Pennsylvania State University, United States of America


Paul Arthur, University of Western Sidney

Locked Bag 1797
Penrith NSW 2751
Paul Arthur

Converted from a Word document



Long Paper

literary studies
text analysis

gender studies
literary studies
text analysis

Methodology and Results
Craig’s Zeta (Hoover, 2008; Burrows, 2004) was the primary methodology deployed, as was the case in Hoover’s original study. Our Zeta analysis was conducted using Stylo (Eder et al., 2013), with a text slice length of 2,000, text slice overlap of 1,000, and an occurrence and filter threshold of 2 and 0.1, respectively. Initially, we produced standard most frequent wordlists using Delta, with a list of stopwords applied. Comparing these results, we saw little separation between the genders. Zeta, as a measure designed to detect distinctive words, yielded more fruitful data. When comparing authors from across all periods, our results confirm Hoover’s in that there are some stereotypical words that do emerge. On the female side, most notable are ‘household’, ‘smile’, and ‘mother’, while on the male side, ‘country’ and ‘famous’ stand out. ‘America’ is also present in the distinctive male words. The male words are arguably reflective of a dataset that contains slightly more male American authors than it does female American authors—suggesting that Hoover is also correct to point towards nationality as a further potential classifier—but the difference is not so great that it should yield significant skewing. However, while there is a clear presence of stereotypical markers, there is also some significant crossover between authors.

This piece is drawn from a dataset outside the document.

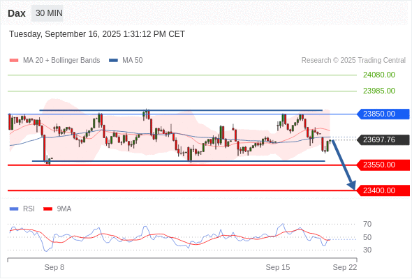 在 23850.00 之下,看跌,目标价位为 23550.00 ,然后为 23400.00 。
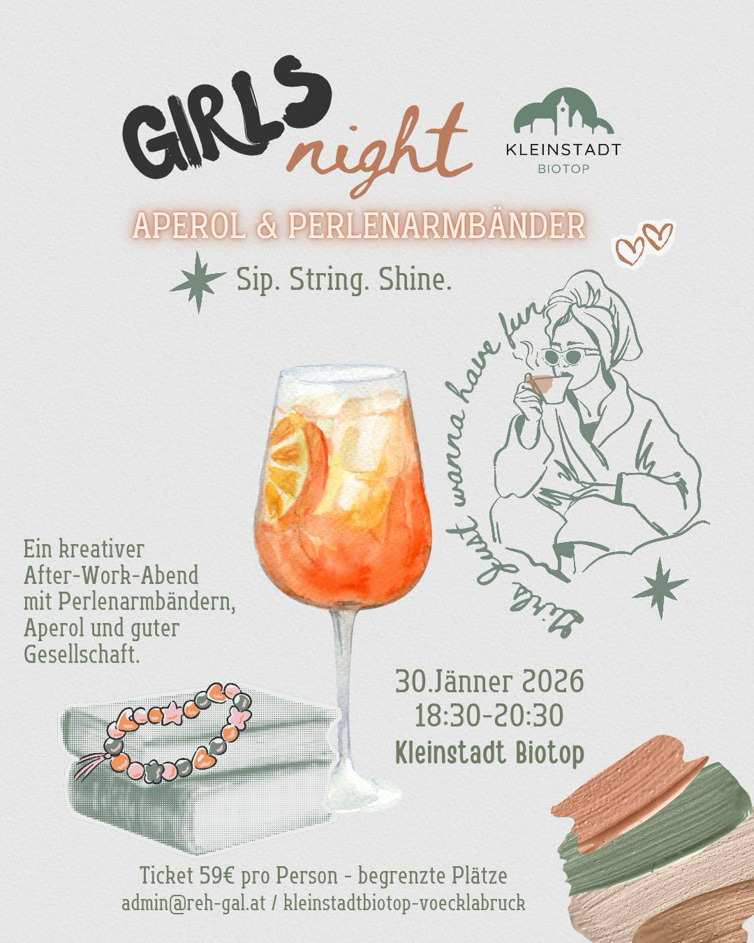 Preisinformation € 59,- pro Person Im Preis inkludiert: – eine große Auswahl an wunderschönen Perlen – alles zum Fädeln deiner Armbänder – 1 Aperol (oder alkoholfreie Alternative)

This is less pronounced across different periods, but when author sets are considered as a whole (see Figure 1), the macro-separation is not as pronounced as in Hoover’s findings.

Figure 1. All authors.
As suggested by Hoover, we also analyze authors chronologically, comparing male and female authors across their respective periods. Once again, there are substantial correlations with Hoover’s wordlist, with stereotypes appearing in all sets, across all periods. But, as noted, the crossover between genders fluctuates throughout periods, with contemporary authors sharing the greatest similarities (see Figures 2, 3, and 4). This would suggest that gender distinctions between authors fluctuate across literary epochs.

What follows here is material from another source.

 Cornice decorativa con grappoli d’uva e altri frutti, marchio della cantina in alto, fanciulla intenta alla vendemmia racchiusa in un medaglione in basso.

Figure 2. Victorian authors.

Figure 3. Modernist authors.

Figure 4. Contemporary authors.
Our methodological implications do require brief commentary. A Zeta analysis introduces its own inherent limitations, forming as it does a list of words preferred and avoided by one dataset (e.g., female literature) insofar as they relate to another dataset (e.g., male literature). In Delta, the data speaks for itself, whereas in Zeta we use a mode of classification, so the separation we receive is partly a result of our dataset preparation. Rather than the data establishing its own distinctions, we (in a way) privilege and impose the gender split in our separation of the male and female datasets. There are literary and mathematical justifications for this, but it is worth acknowledging, and certainly worth discussing in the context of a gender-specific study. However, taking into account the data from our Delta analysis, the results of which turned up inconclusive, the subsequent Zeta can be seen to merely refine an already existent pattern. That being said, this particularity is something we will focus on further as we fine-tune our analysis for presentation. In doing so, we will computationally compare results across all of the lists, including Hoover’s, to see if any correlations may have been missed in this initial stage, which will ultimately allow us to conduct a closer analysis of the distinctive gender markers.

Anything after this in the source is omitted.